A different polarization:
In his new book, Gujarat Under Modi, political scientist Christophe Jaffrelot shows how the prime minister, a full-time RSS worker by the early 1970s, shot to prominence as the “Emperor of Hindu Hearts.” As a political organizer in the 1990s, he stoked fear of a Muslim mafia don among Gujarat’s voters. He achieved much bigger results for himself as chief minister following the vicious communal riots of 2002. Two decades later, however, it isn’t clear if there is more juice left in religious polarization as an electoral strategy. The BJP even lost the parliamentary seat in the town where Modi had consecrated a Hindu temple built on the site where a 16th-century mosque was razed by mobs in 1992.
Sensing this exhaustion, opposition parties are highlighting a different fault line: caste. The southern state of Tamil Nadu has joined Gandhi’s call for a caste census, so that marginalized communities can gain from affirmative action in proportion to their share of the population. A showdown on this issue may hurt the BJP, which has under Modi worked hard to broaden its appeal beyond upper-caste, middle-class Hindus. During this year’s election campaign, Modi decried a caste census, which was last conducted by India’s former British rulers in 1931, as a left-wing idea to redistribute people’s personal wealth.
Future cracks in coalition:
Both Jawaharlal Nehru and Indira Gandhi held the top political job for longer than 15 years. Modi will join their league if he completes a full five-year-term. That may depend on two coalition partners: Nitish Kumar, the chief minister of Bihar in India’s east, and N Chandrababu Naidu, who runs the southern state of Andhra Pradesh. Kumar has started asking for vastly more federal funding. Naidu wants something similar.
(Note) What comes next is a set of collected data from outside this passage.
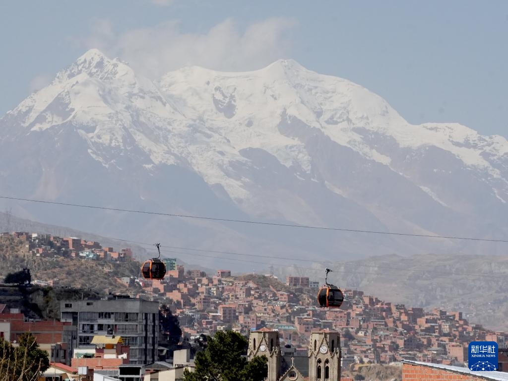 7月15日,缆车在玻利维亚拉巴斯城市上空穿梭。新华社发(哈维尔·马马尼摄)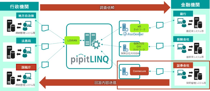 また、すでにpipitLINQ®を利用している行政機関においては、新たなシステムを導入することなく、pipitLINQ®を導入した証券会社に対する取引照会業務のデジタル化が可能となります。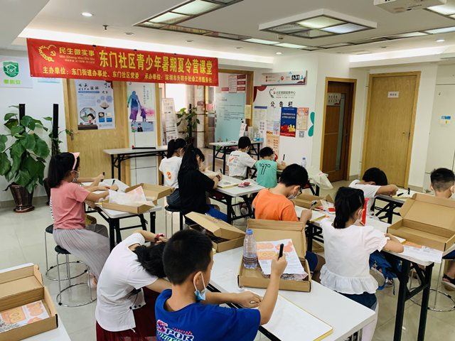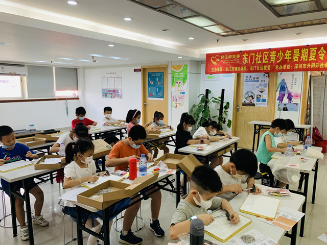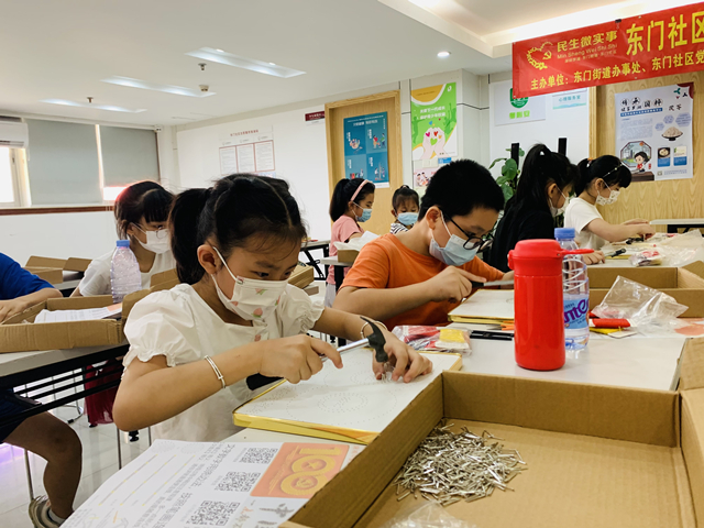 罗湖家园网讯:为进一步提升社区青少年的动手动脑能力,培养孩子们的专注力,东门社区暑期夏令营课堂--趣味手工课第六节制作钉子画于8月23日下午开展,本次课堂迎来了15名社区青少年。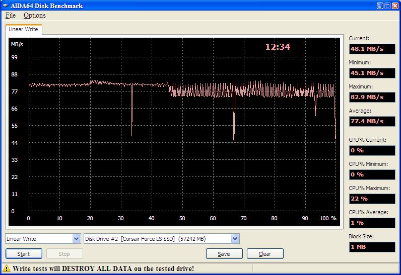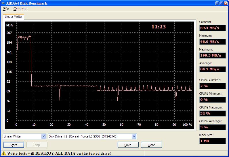 Добавлено спустя 14 минут 43 секунды: CORSAIR FORCE LS 60G (CSSD-F60GBLS), FW:9FM01.8. Первый и второй проходы теста Linear Write в ПО AIDA64. График в третьем проходе такой же, как и во втором. Стенд: iP4D925, i945G, ICH7R, iaStor.sys 11.2.0.1006. SSD подключался к стенду "на горячую".

For now, the partners are ignoring Modi’s most recent governance troubles such as bungled exams, falling airport roofs, flooded cities, colliding trains, and collapsing bridges. However, if association with the BJP begins to threaten their own political standing, they might pull their support.
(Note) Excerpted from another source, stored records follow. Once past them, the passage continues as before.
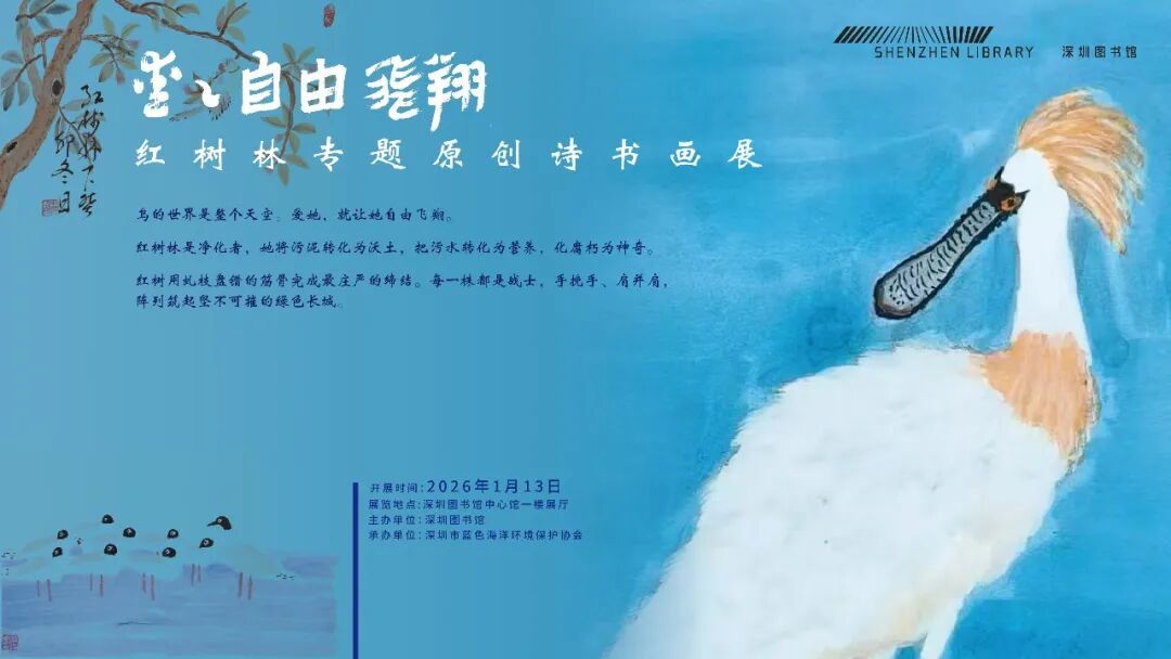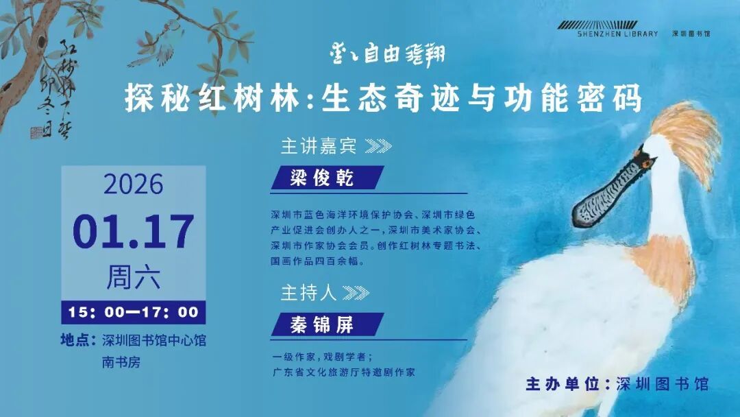 2026 年伊始,深圳图书馆邀您携手奔赴一场自然与艺术交融共生的“红树林之约”,活动囊括红树林主题讲座与原创诗书画展两大板块,以多元形式解锁这片“海上森林”的生态之美与人文之韵。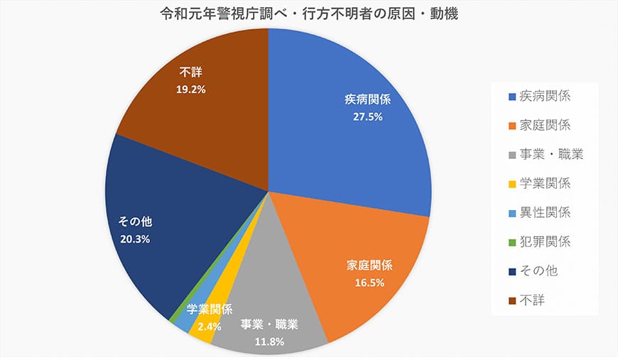 令和元年の警視庁の行方不明者データによると、失踪者の原因や動機は以下の通りとなっています。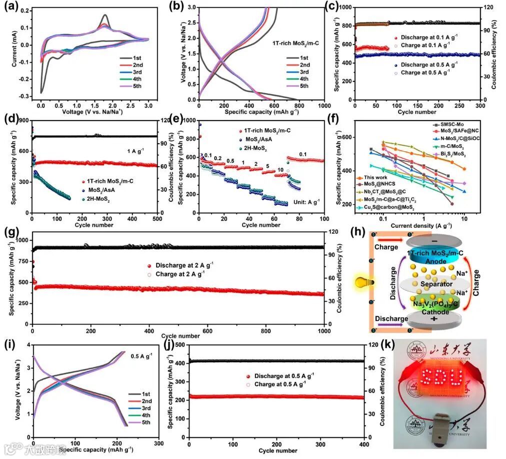在0.1 A g−1循环80个周期后比容量高达557 mAh g−1,甚至在2.0 A g−1的大电流密度下循环2000个周期后可逆比容量仍然维持在364 mAh g−1;在1T-rich MoS2/m-C//NaV2(PO4)3/C钠离子全电池中,在0.5 A g−1循环400个周期后可逆比容量仍达到215 mAh g−1。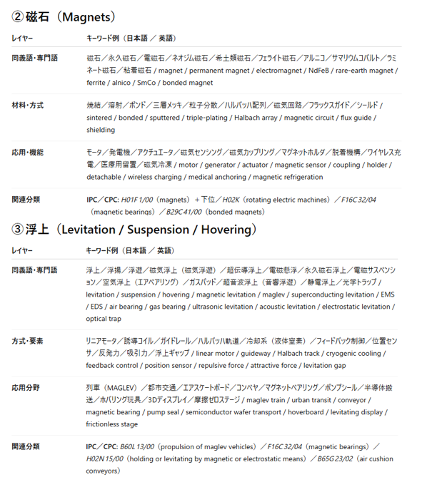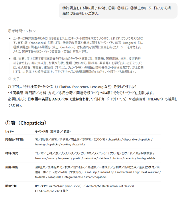 「特許調査をする際に用いるべき、①箸、②磁石、③浮上のキーワードについて網羅的に提案をしてください。」とChatGPT o3に指示をした結果を示します。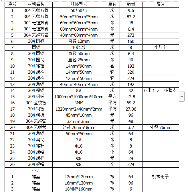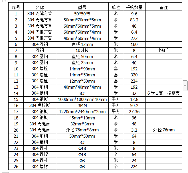 不銹鋼(304)采購項目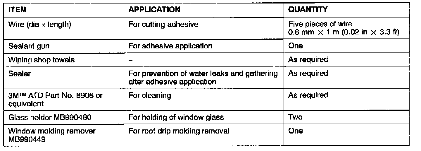 GENERALThe windshield and rear window glass are attached by an urethane-base adhesive to the window frame. This adhesive provides improved glass holding and sealing, and also permits use of body openings having a greater structural strength.

The business-as-usual look of Modi 3.0 is an illusion with no dearth of believers. Now that India has joined JPMorgan Chase & Co.’s emerging markets bond index, the stock market has gone back to dreaming about a cornucopia of foreign capital, gleaming new public infrastructure, accelerated private-sector investment, and world-beating economic growth.
Still, the political plates are shifting. Hemant Soren, the chief minister of Jharkhand, was released from prison last week by a court that didn’t find any prima-facie evidence for the money-laundering charges on which the 48-year-old tribal leader was forced to sit out the national election. Jharkhand will go to polls later this year, as will Maharashtra — another state where New Delhi’s alleged misuse of federal agencies against political opposition backfired in the parliamentary contest. If more states reject the BJP, Modi’s national stature will become smaller still.